_ASSIGNED TASK:_ In the entries below, find the line containing "브라운과 블루 색감 베이스의 잔꽃 패치 원피스예요" and the line containing "Les llega ahora". Copy those two lines and everything between them exactly, without the pictures.

_RECORDS FOR THIS EXERCISE:_
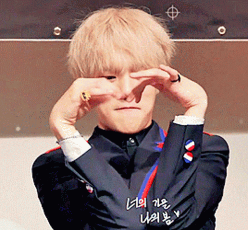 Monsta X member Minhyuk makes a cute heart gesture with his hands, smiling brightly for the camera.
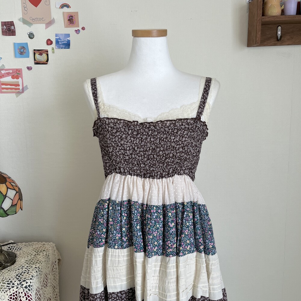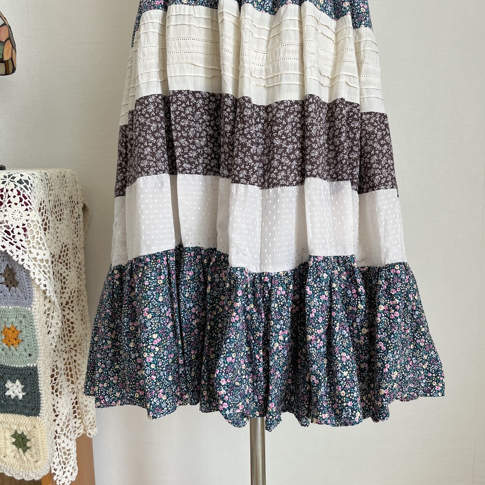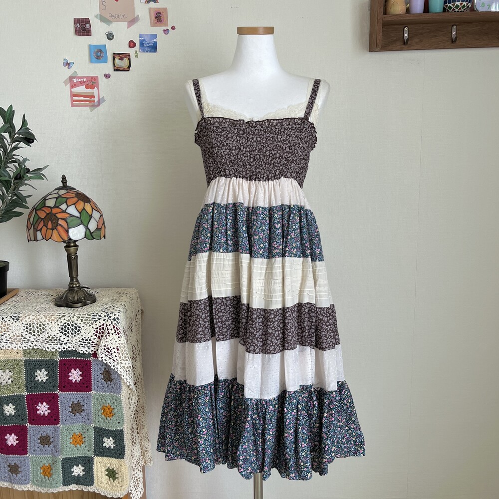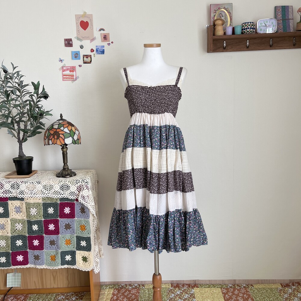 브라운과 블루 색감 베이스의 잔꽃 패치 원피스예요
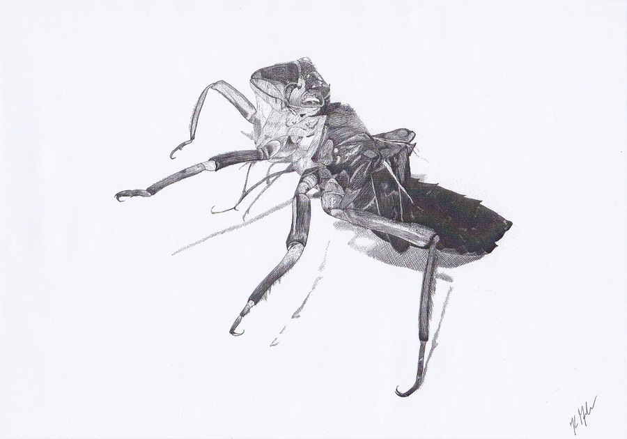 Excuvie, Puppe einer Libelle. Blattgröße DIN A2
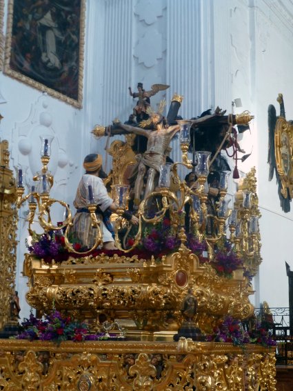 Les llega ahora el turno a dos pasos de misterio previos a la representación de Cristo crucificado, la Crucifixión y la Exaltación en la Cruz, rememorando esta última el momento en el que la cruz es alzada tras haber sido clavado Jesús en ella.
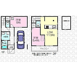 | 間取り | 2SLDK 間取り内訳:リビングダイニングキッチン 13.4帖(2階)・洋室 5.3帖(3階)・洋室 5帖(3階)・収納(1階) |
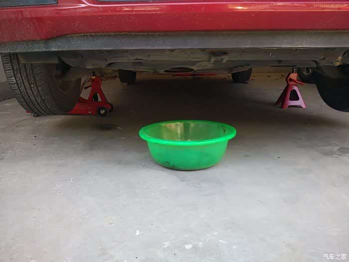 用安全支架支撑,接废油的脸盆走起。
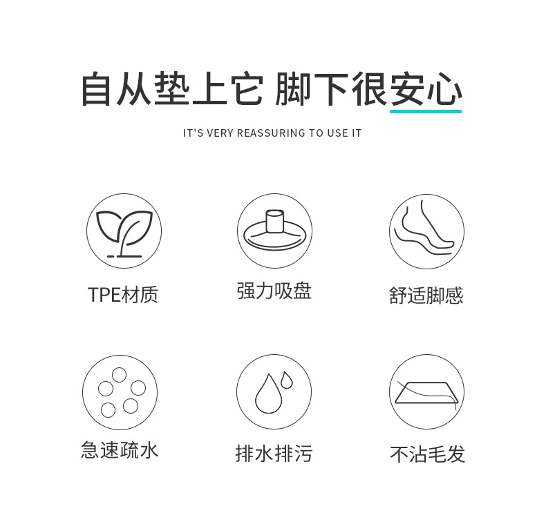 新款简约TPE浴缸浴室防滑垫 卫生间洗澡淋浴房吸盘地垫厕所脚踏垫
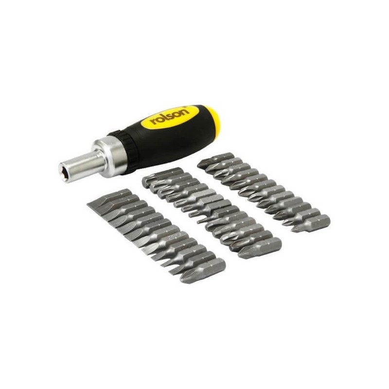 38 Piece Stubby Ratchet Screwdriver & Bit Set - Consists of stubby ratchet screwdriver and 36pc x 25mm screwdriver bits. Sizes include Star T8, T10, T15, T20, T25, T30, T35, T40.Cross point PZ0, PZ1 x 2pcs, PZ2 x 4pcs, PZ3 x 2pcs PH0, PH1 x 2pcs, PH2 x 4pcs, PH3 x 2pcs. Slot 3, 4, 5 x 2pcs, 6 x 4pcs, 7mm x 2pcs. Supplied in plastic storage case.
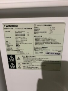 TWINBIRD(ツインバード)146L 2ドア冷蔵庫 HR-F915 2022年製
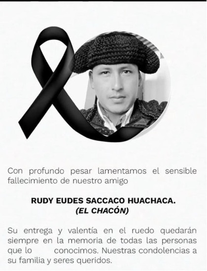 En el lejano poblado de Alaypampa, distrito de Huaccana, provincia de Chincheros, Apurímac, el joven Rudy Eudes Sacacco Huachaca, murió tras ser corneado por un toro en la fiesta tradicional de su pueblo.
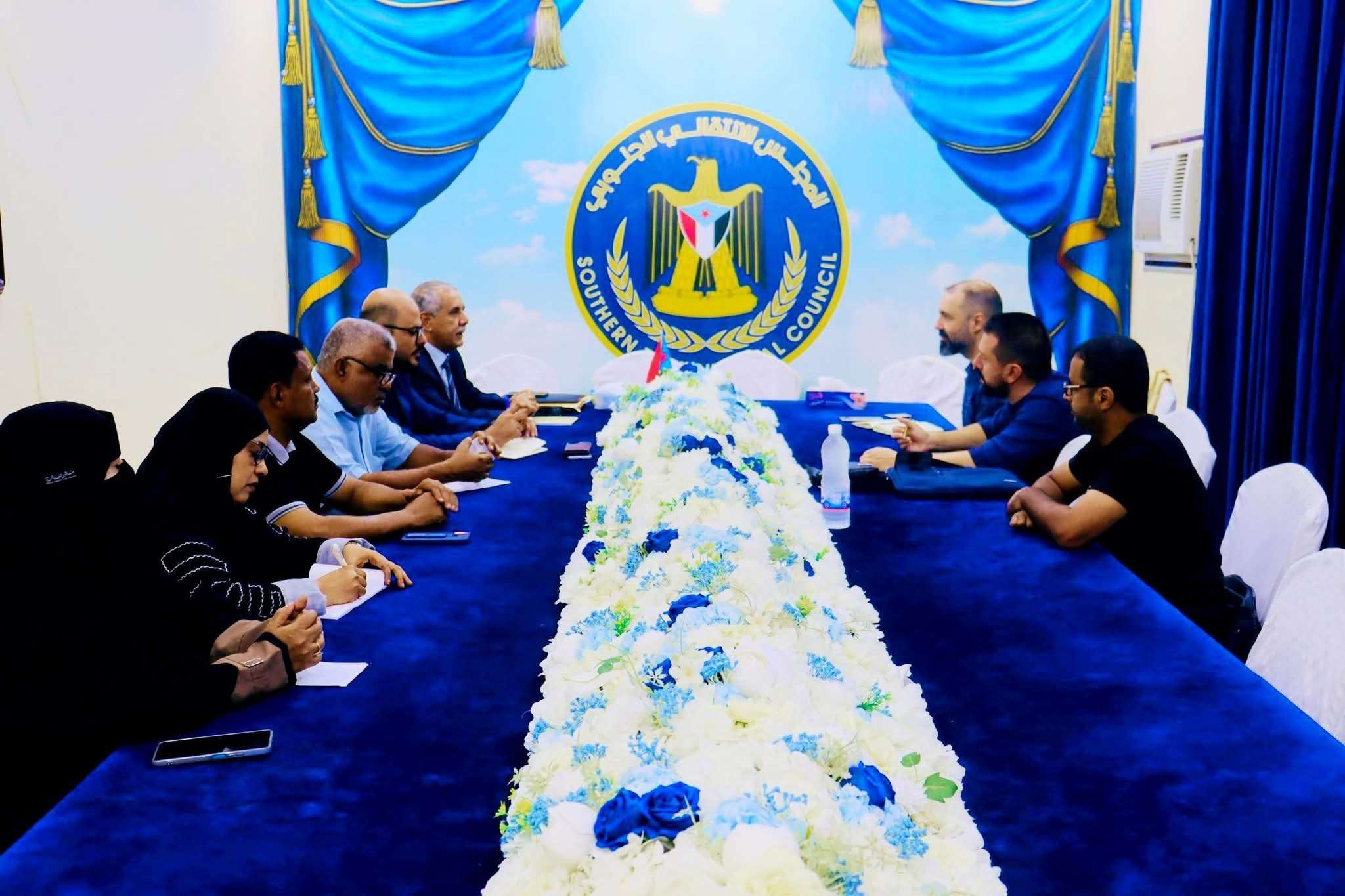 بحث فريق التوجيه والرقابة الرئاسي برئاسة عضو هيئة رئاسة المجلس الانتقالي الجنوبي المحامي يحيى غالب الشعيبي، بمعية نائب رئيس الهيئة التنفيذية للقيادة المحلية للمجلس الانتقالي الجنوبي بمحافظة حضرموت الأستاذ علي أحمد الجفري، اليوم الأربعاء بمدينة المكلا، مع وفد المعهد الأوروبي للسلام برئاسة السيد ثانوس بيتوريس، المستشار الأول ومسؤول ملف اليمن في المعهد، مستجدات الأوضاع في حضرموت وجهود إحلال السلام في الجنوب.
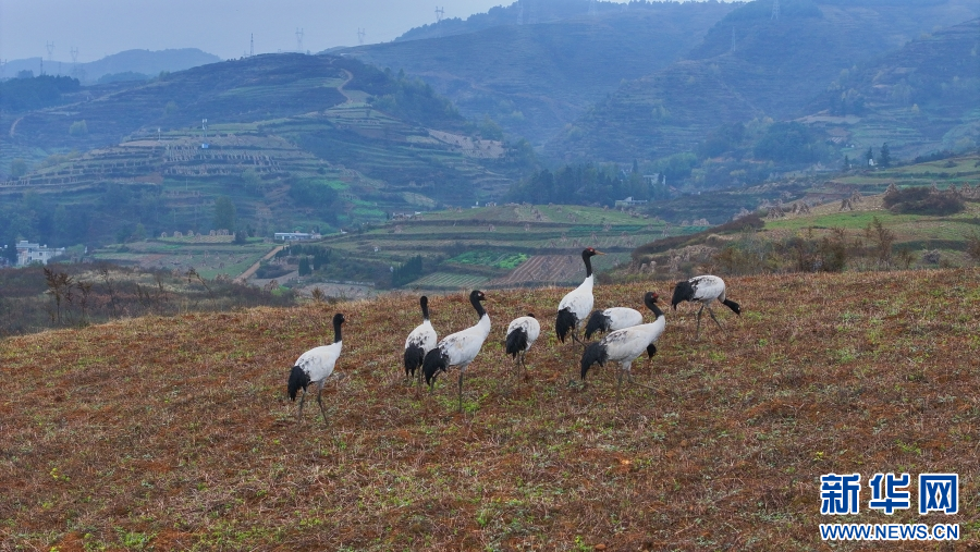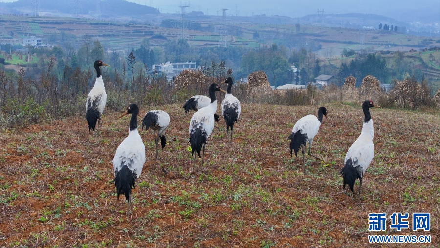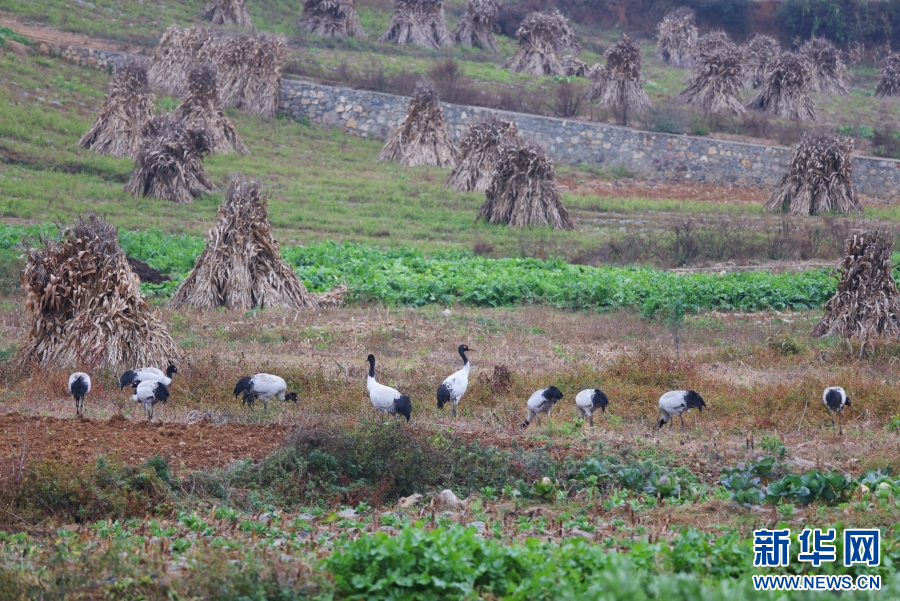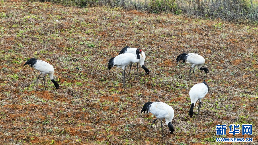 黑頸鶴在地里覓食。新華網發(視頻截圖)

_WRITTEN SOLUTION:_
 브라운과 블루 색감 베이스의 잔꽃 패치 원피스예요
 Excuvie, Puppe einer Libelle. Blattgröße DIN A2
 Les llega ahora el turno a dos pasos de misterio previos a la representación de Cristo crucificado, la Crucifixión y la Exaltación en la Cruz, rememorando esta última el momento en el que la cruz es alzada tras haber sido clavado Jesús en ella.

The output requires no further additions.